Bilotta Federico, Spinelli Allison, Giovannini Federico, Doronzio Andrea, Delfini Roberto, Rosa Giovanni
Department of Anesthesiology and Neurosurgery, University of Rome La Sapienza, Rome, Italy.
J Neurosurg Anesthesiol. 2007 Jul;19(3):156-60. doi: 10.1097/ANA.0b013e3180338e69.

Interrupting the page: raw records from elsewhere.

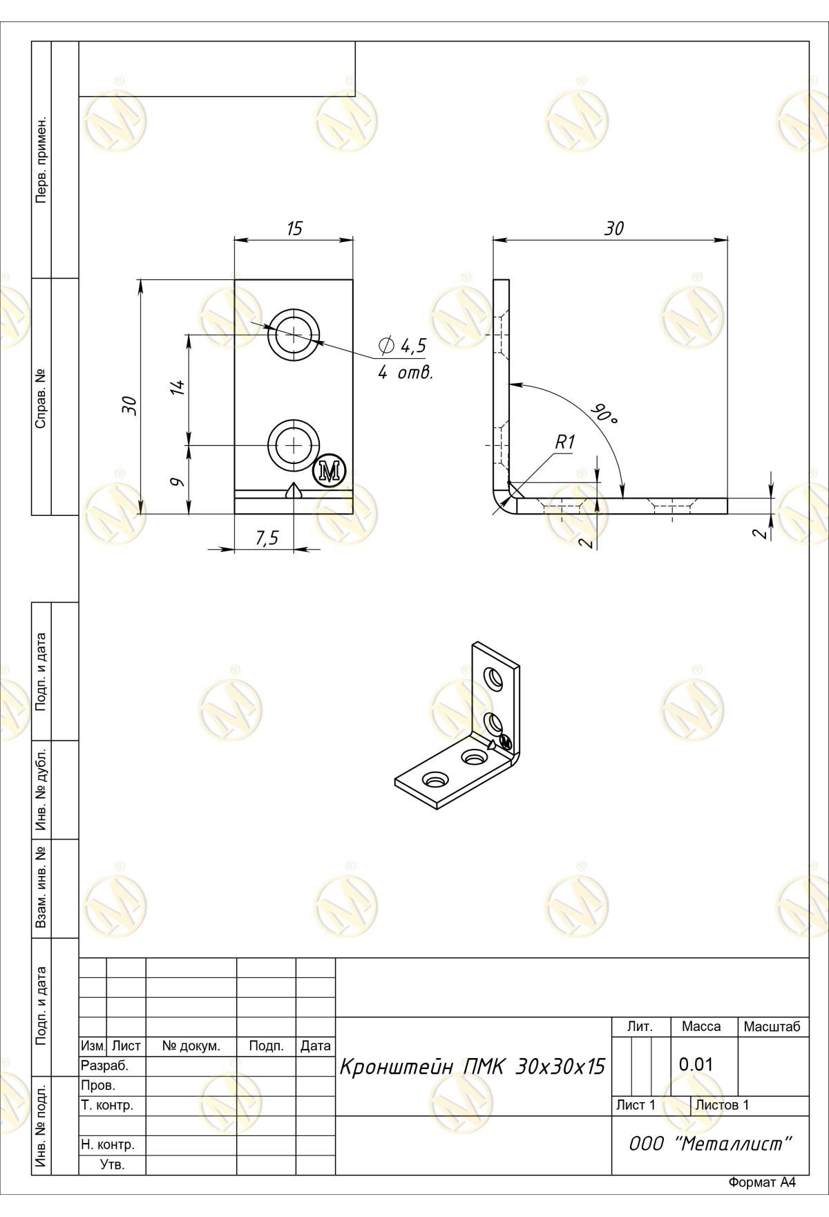 КРОНШТЕЙН ПМК 30*30*15 (прямоугольный) (400 шт.) от 3.52 руб с доставкой в интернет-магазине завода «Металлист». Качественная продукция. Выгодные цены. Продукция от производителя. 400 шт. в коробке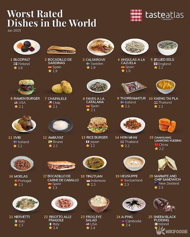 전체 리스트에서 1위는 핀란드의 ‘블러드팔트’였다. 호밀가루와 돼지고기 또는 소고기 피를 넣어 만든 반죽을 팬이나 오븐에서 조리한 음식이다. 2위는 스페인의 ‘정어리 샌드위치’가 차지했다. 빵 사이에 정어리와 고추, 토마토, 양파 등을 넣어 만들지만, 강한 비린 맛 때문에 호불호가 갈린다.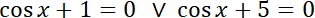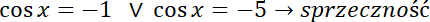 nie ma rozwiązań, ponieważ cosinus przyjmuje tylko wartości z zakresu od -1 do 1, dlatego jedynymi rozwiązaniami równania są tylko pierwiastki równania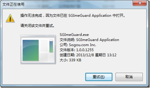 将SGImeGuard.exe删除,删除后不影响搜狗的使用。删除时提示如下,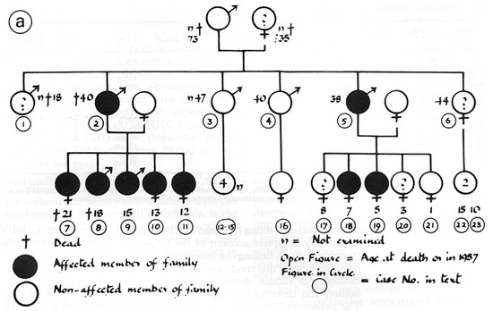 Although a familial occurrence was noticed early in Teare’s report as suspected genetically determined cardiomyopathy, the first disease-related gene was discovered in 1989–1990 by the Seidman group in Boston, consisting of the missense mutation of the β-cardiac myosin heavy chain in chromosome 14 [9,10]. The molecular investigation was made in the same original Teare family (Figure 9) [11,12].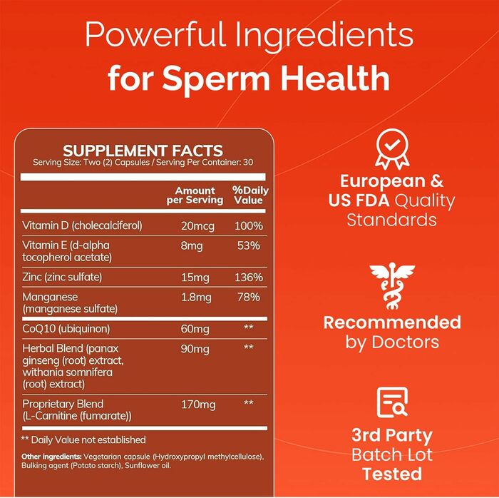 • Поддержка репродуктивной функции: Комплекс содержит ключевые витамины и минералы, способствующие улучшению качества спермы и повышению фертильности.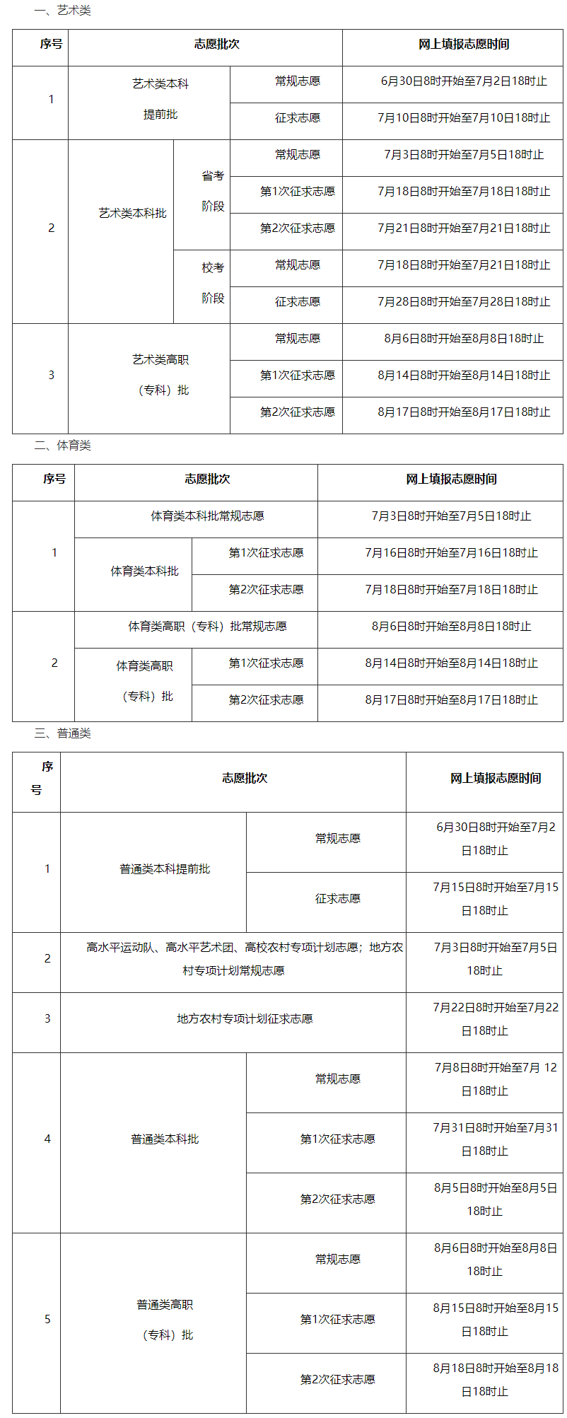 各类各批次征集志愿填报时间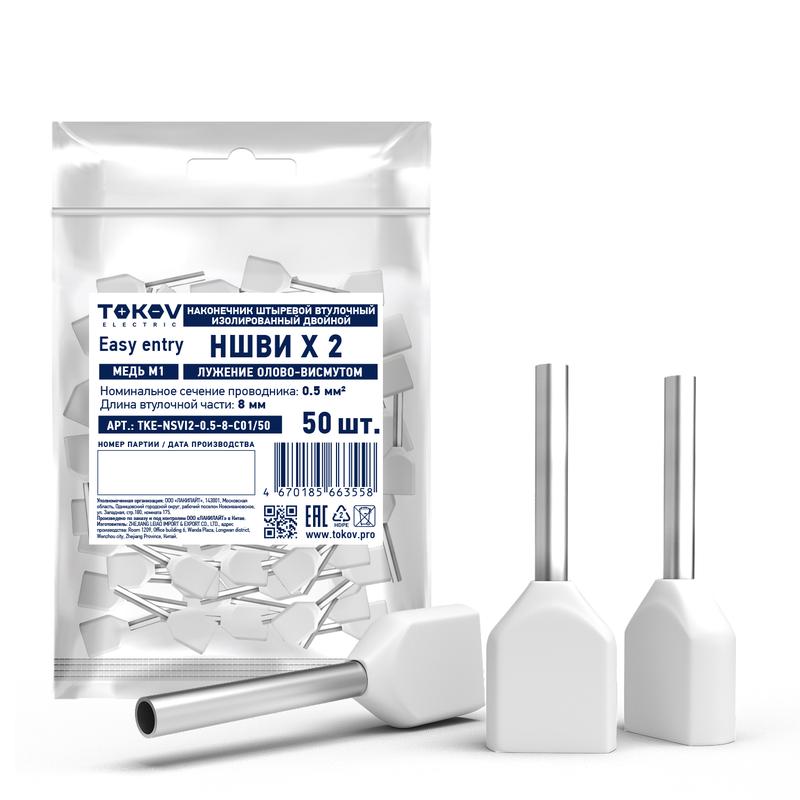 Наконечник штыревой втулочный изолированный двойн. НШВИ(2) 0.5-8 TOKOV ELECTRIC TKE-NSVI2-0.5-8-C01/50 |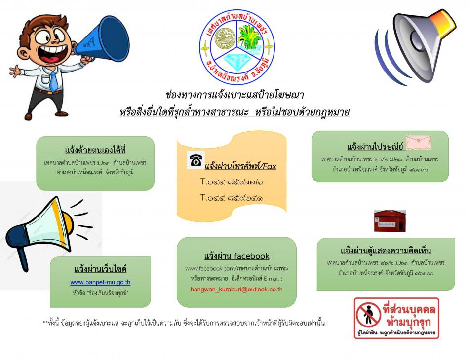 ช่องทางการแจ้งเบาะแสป้ายโฆษณา หรือสิ่งอื่นใดที่รุกล้ำทางสาธารณะ หรือไม่ชอบด้วยกฎหมาย [3 ธันวาคม 2565]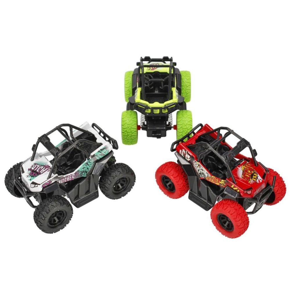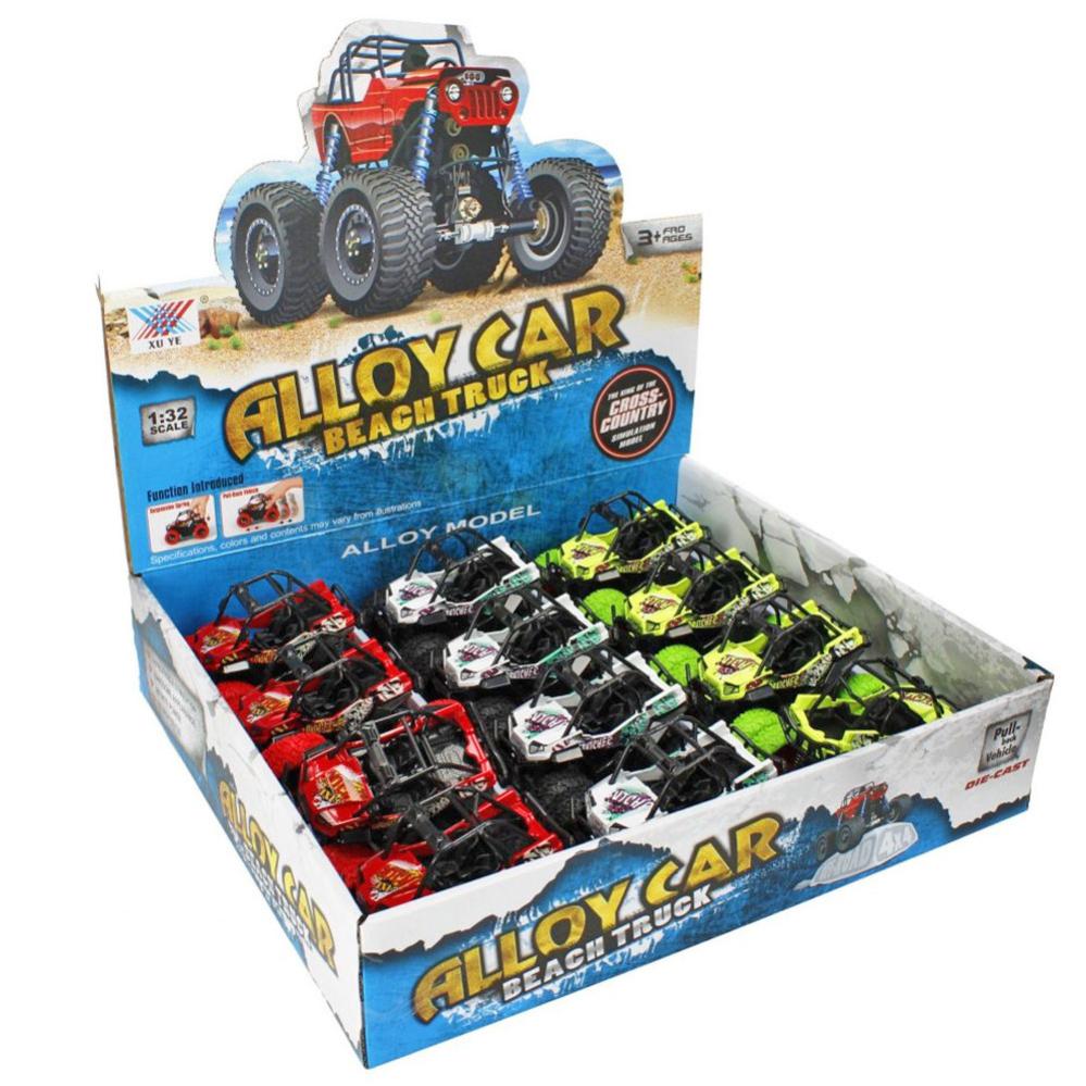 Strandbil Leksak Metall omfattar en billeksak i metall och plast i ett färgglatt mönster i form av en strandbil. Strandbilen har en "pull-back" motor där man kan dra tillbaka bilen, så åker den sedan framåt. Finns i färgerna röd, grön eller vit, vilken du får blir en överraskning.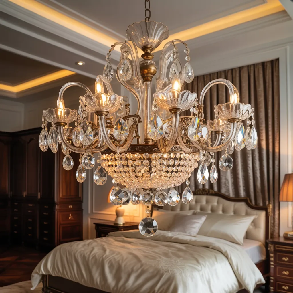 Beneath the chandelier, the bed becomes the visual anchor of the space, framed by elegance and traditional charm. Every crystal drop catches subtle highlights, producing delicate sparkles that enhance the atmosphere without overwhelming the room.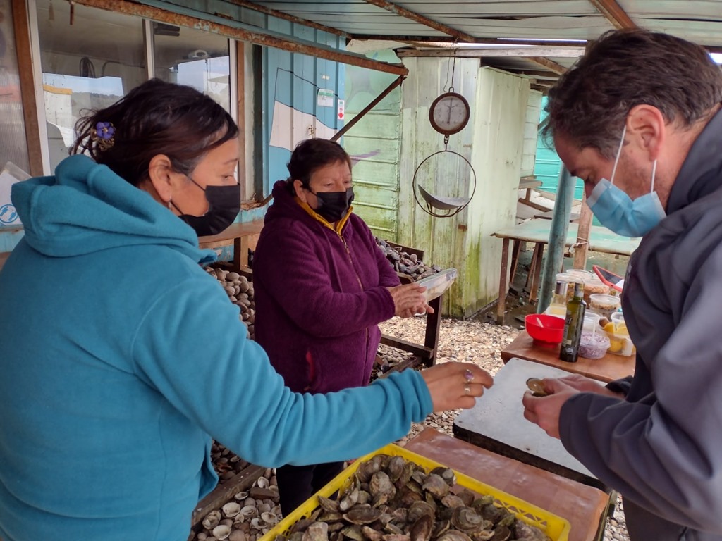 En el muelle Pudeto, comuna de Ancud, el secretario regional ministerial (seremi) de Economía en la región de Los Lagos, Francisco Muñoz junto a la directora regional de Sernatur, conocieron a tres de las 114 mujeres de la pesca artesanal y recolectoras de orilla preseleccionadas del concurso Capital Semilla Emprendedora Artesanal del Indespa.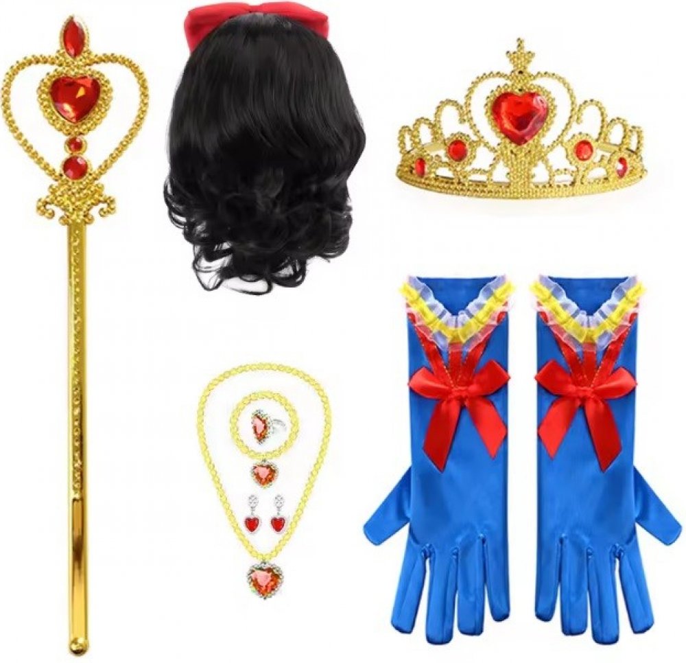 - Šaty: Krásné šaty v tradičních barvách Sněhurky s bohatými detaily a pohodlným střihem, který zajišťuje pohodlí po celý den.

It is unclear if avoiding hyperglycemia during intensive care after acute brain injury improves morbidity, mortality, and neurologic outcome. This prospective randomized trial tested whether intensive insulin therapy affected infection rates, vasospasm, mortality, or long-term neurologic outcome in subarachnoid hemorrhage patients during their intensive care unit (ICU) stay. Comparison was made against conventional insulin therapy using a randomized trial design. The primary outcome measure was infection rate until the fourteenth postoperative day in the ICU or until patient discharge. Secondary end points were the incidence of vasospasm until the fourteenth postoperative day in the ICU or until patient discharge, and neurologic outcome and mortality at 6 months follow-up. A total of 78 patients were prospectively enrolled and randomly assigned either to conventional insulin therapy or to intensive insulin therapy (38 and 40 patients, respectively). The infection rate during the study was significantly higher in patients who received conventional insulin therapy than in patients who received intensive insulin therapy (42% vs. 27%; P<0.001). The incidence of vasospasm during the study was also similar in conventional and intensive therapy groups (31.5% vs. 27.6% in the conventional and intensive insulin therapy groups; P=0.9). Overall mortality rates at 6 months were similar in the 2 groups (18% vs.15%; P=0.9), as was the neurologic outcome at 6 months [modified Rankin score >3 in 22/38 patients (57.8%) in the conventional therapy group vs. 21/40 patients (52.5%) in the intensive insulin therapy group; P=0.7]. Intensive insulin therapy in patients with acute subarachnoid hemorrhage admitted to a postoperative neurosurgical ICU after surgical clipping of intracranial aneurysms decreases infection rates. The benefit of strict glycemic control on postoperative vasospasm, neurologic outcome, and mortality rates does not seem to be affected by intensive insulin therapy.
急性脑损伤后在重症监护期间避免高血糖是否能改善发病率、死亡率和神经功能结局尚不清楚。这项前瞻性随机试验检验了强化胰岛素治疗是否会影响蛛网膜下腔出血患者在重症监护病房(ICU)住院期间的感染率、血管痉挛、死亡率或长期神经功能结局。采用随机试验设计与传统胰岛素治疗进行比较。主要结局指标是术后第14天在ICU期间或直至患者出院的感染率。次要终点是术后第14天在ICU期间或直至患者出院的血管痉挛发生率,以及6个月随访时的神经功能结局和死亡率。共有78例患者前瞻性入组并随机分为传统胰岛素治疗组或强化胰岛素治疗组(分别为38例和40例患者)。研究期间,接受传统胰岛素治疗的患者感染率显著高于接受强化胰岛素治疗的患者(42%对27%;P<0.001)。传统治疗组和强化治疗组研究期间血管痉挛的发生率也相似(传统胰岛素治疗组和强化胰岛素治疗组分别为31.5%对27.6%;P=0.9)。两组6个月时的总体死亡率相似(18%对15%;P=0.9),6个月时的神经功能结局也相似[传统治疗组38例患者中有22例(57.8%)改良Rankin评分>3,强化胰岛素治疗组40例患者中有21例(52.5%);P=0.7]。颅内动脉瘤手术夹闭术后入住神经外科术后ICU的急性蛛网膜下腔出血患者,强化胰岛素治疗可降低感染率。严格血糖控制对术后血管痉挛、神经功能结局和死亡率的益处似乎不受强化胰岛素治疗的影响。